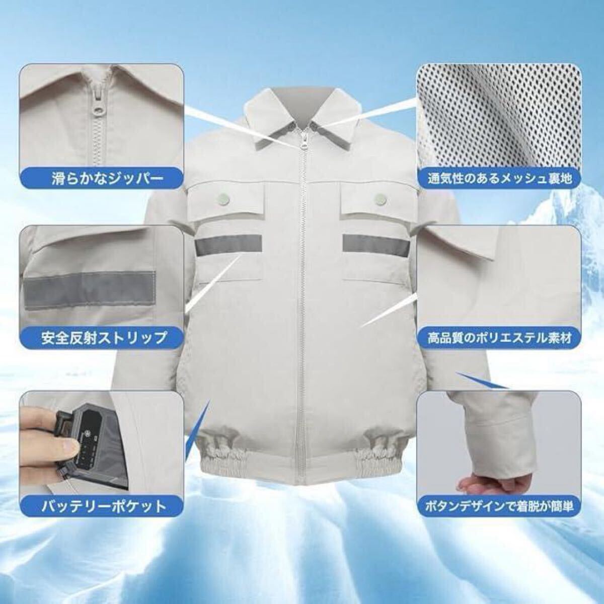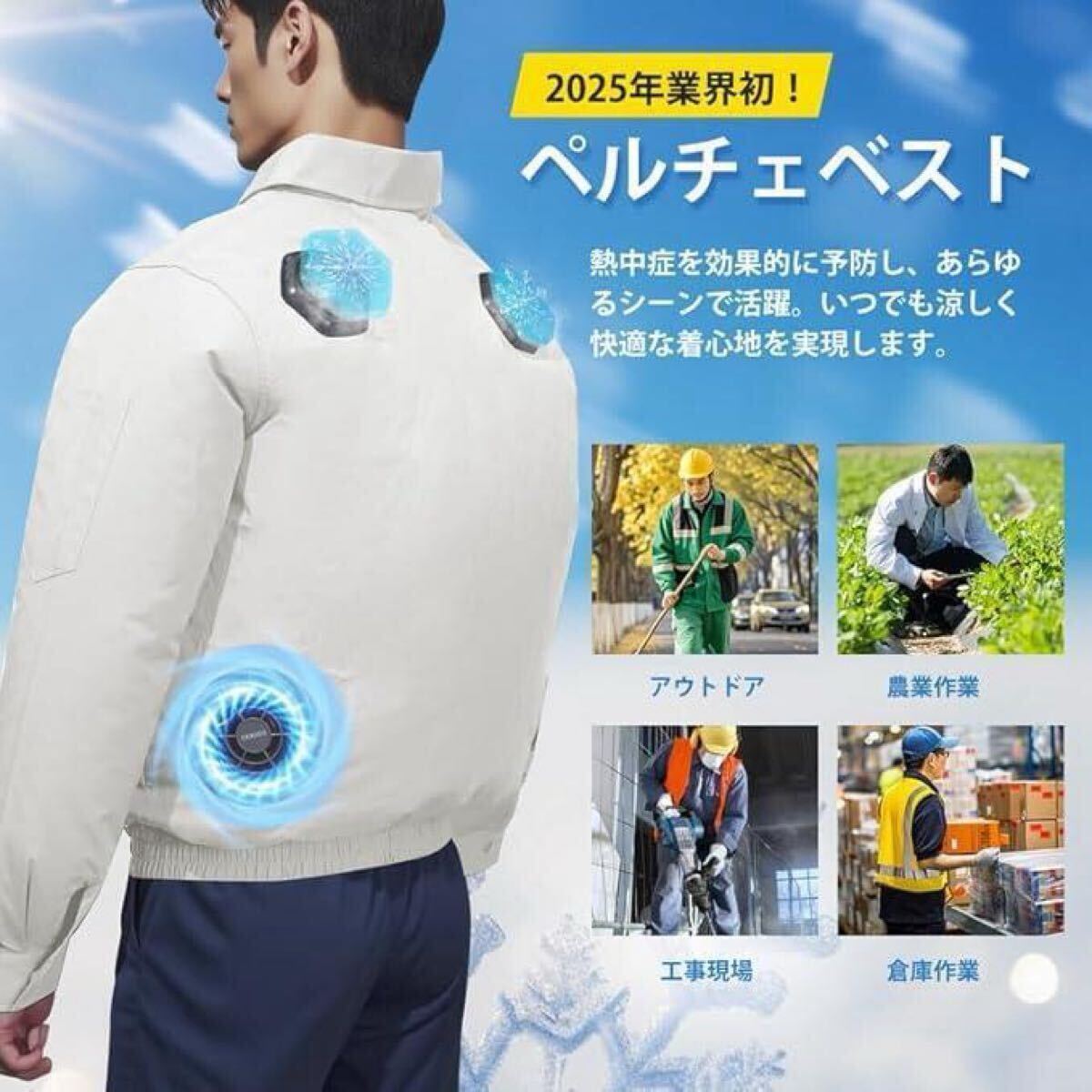 【高速冷却技術】業界最新の半導体製氷シールを採用した空調作業服。わずか3秒で急速冷却。暑さ対策に最適な性能を実現します。 【高品質素材と実用性】耐久性に優れた高品質生地を使用。反射シール付きの胸ポケットを2つ装備し、安全性と収納性を兼ね備えた空調冷却服です。 【多様な使用】シーン農業、倉庫作業、建設現場、釣りなど、あらゆる環境で活躍する空調服。空調作業服として、暑い季節の作業効率を大幅に向上させます。
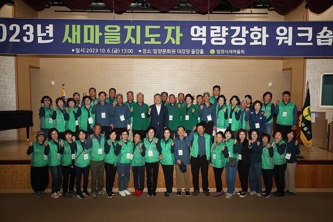 [밀양=최성일 기자] 밀양시새마을회는 지난 6일 밀양문화원 강당에서 새마을지도자 80여명이 참석한 가운데 건강한 공동체 문화조성과 핵심 지도자의 소통과 공감의 리더십 고취를 위한 ‘2023년 우수 새마을지도자 워크숍’을 개최했다.
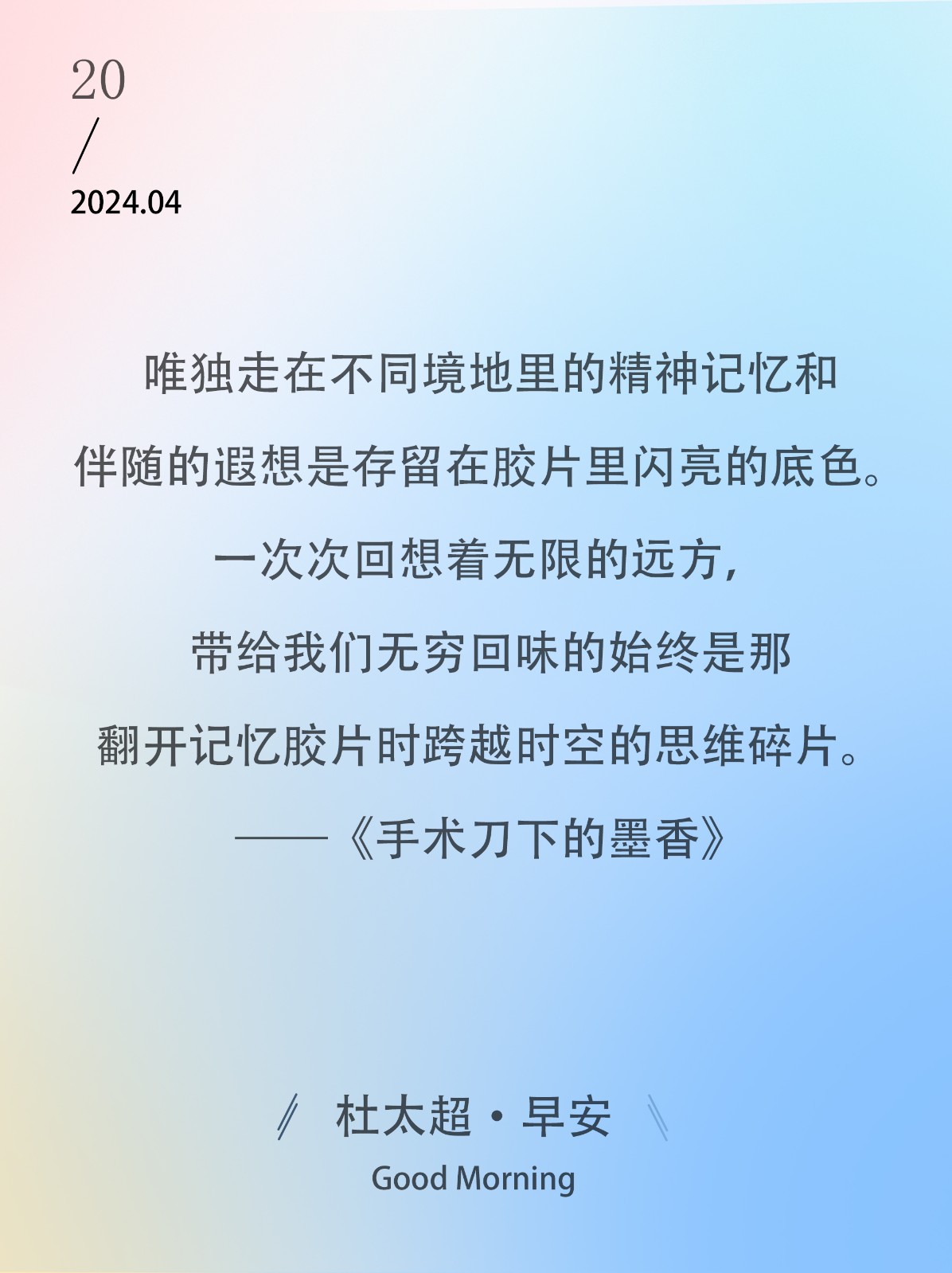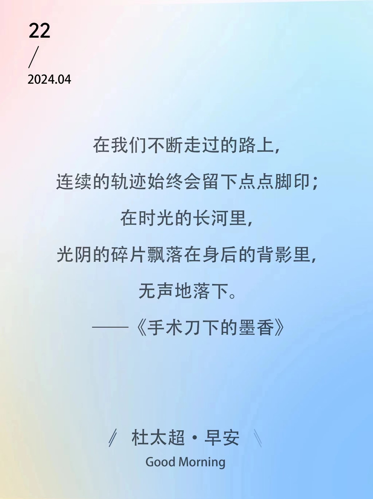 在我们不断走过的路上,连续的轨迹始终会留下点点脚印;在时光的长河里,光阴的碎片飘落在身后的背影里,无声地落下。——《手术刀下的墨香》
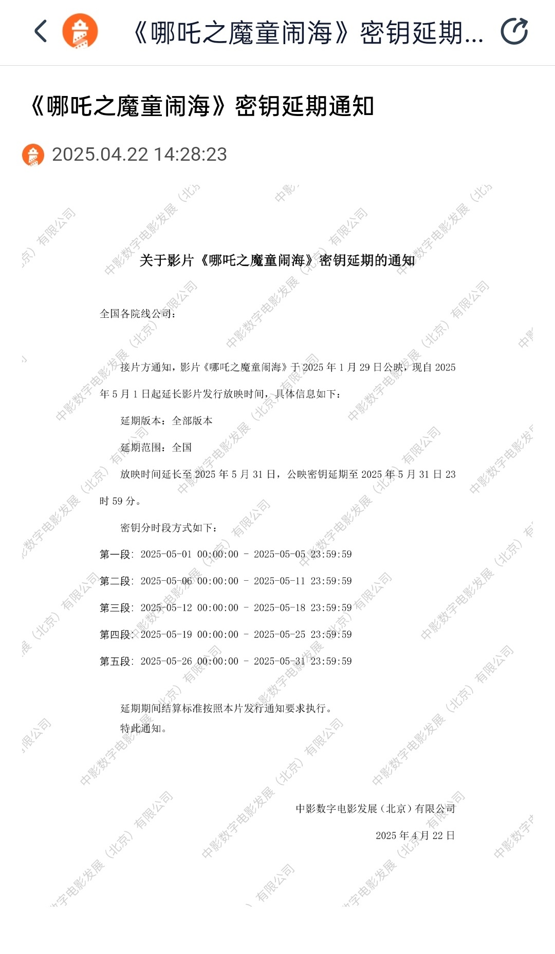 IT之家 4 月 22 日消息,灯塔专业版显示,电影《哪吒之魔童闹海》片方发布密钥延期通知,从 4 月 30 日延长上映至 5 月 31 日,而这已经是本片第三次延期。
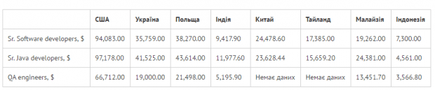 Хороша освіта залишає свій відбиток на рівні зарплат: українські айтішники заробляють в чотири рази більше своїх колег з Індії та в два рази більше фахівців ІТ-сфери з Китаю. Окрім того, за рівнем зарплат українці майже наздогнали колег з Польщі.
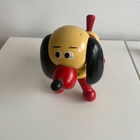 Trælegetøj formet som en sort hund med gule ører og røde hjul. Legetøjet har en snor til at trække den med. Materialet er træ, og designet er enkelt og farverigt.
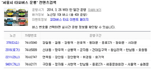 지난달 28일 포털 다음커뮤니케이션은 서울시 버스운송사업조합과 아이코닉스가 운행하는 '타요버스'의 실시간 위치 정보와 운행 노선을 다음 지도를 통해 공개했다.
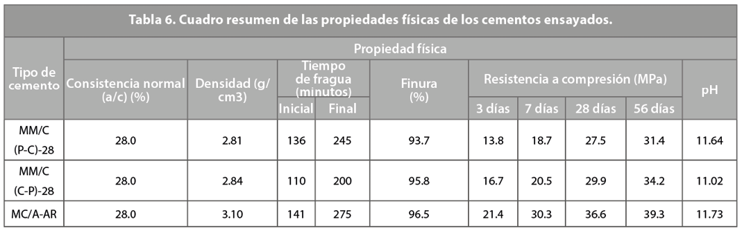 En la Tabla 6, se muestran los resultados experimentales de la caracterización de los cementos.

• What the task requires: If a record above holds a picture, leave the picture out and write out everything else exactly.

• Your solution:
 【高速冷却技術】業界最新の半導体製氷シールを採用した空調作業服。わずか3秒で急速冷却。暑さ対策に最適な性能を実現します。 【高品質素材と実用性】耐久性に優れた高品質生地を使用。反射シール付きの胸ポケットを2つ装備し、安全性と収納性を兼ね備えた空調冷却服です。 【多様な使用】シーン農業、倉庫作業、建設現場、釣りなど、あらゆる環境で活躍する空調服。空調作業服として、暑い季節の作業効率を大幅に向上させます。
 [밀양=최성일 기자] 밀양시새마을회는 지난 6일 밀양문화원 강당에서 새마을지도자 80여명이 참석한 가운데 건강한 공동체 문화조성과 핵심 지도자의 소통과 공감의 리더십 고취를 위한 ‘2023년 우수 새마을지도자 워크숍’을 개최했다.
 在我们不断走过的路上,连续的轨迹始终会留下点点脚印;在时光的长河里,光阴的碎片飘落在身后的背影里,无声地落下。——《手术刀下的墨香》
 IT之家 4 月 22 日消息,灯塔专业版显示,电影《哪吒之魔童闹海》片方发布密钥延期通知,从 4 月 30 日延长上映至 5 月 31 日,而这已经是本片第三次延期。
 Хороша освіта залишає свій відбиток на рівні зарплат: українські айтішники заробляють в чотири рази більше своїх колег з Індії та в два рази більше фахівців ІТ-сфери з Китаю. Окрім того, за рівнем зарплат українці майже наздогнали колег з Польщі.
 Trælegetøj formet som en sort hund med gule ører og røde hjul. Legetøjet har en snor til at trække den med. Materialet er træ, og designet er enkelt og farverigt.
 지난달 28일 포털 다음커뮤니케이션은 서울시 버스운송사업조합과 아이코닉스가 운행하는 '타요버스'의 실시간 위치 정보와 운행 노선을 다음 지도를 통해 공개했다.
 En la Tabla 6, se muestran los resultados experimentales de la caracterización de los cementos.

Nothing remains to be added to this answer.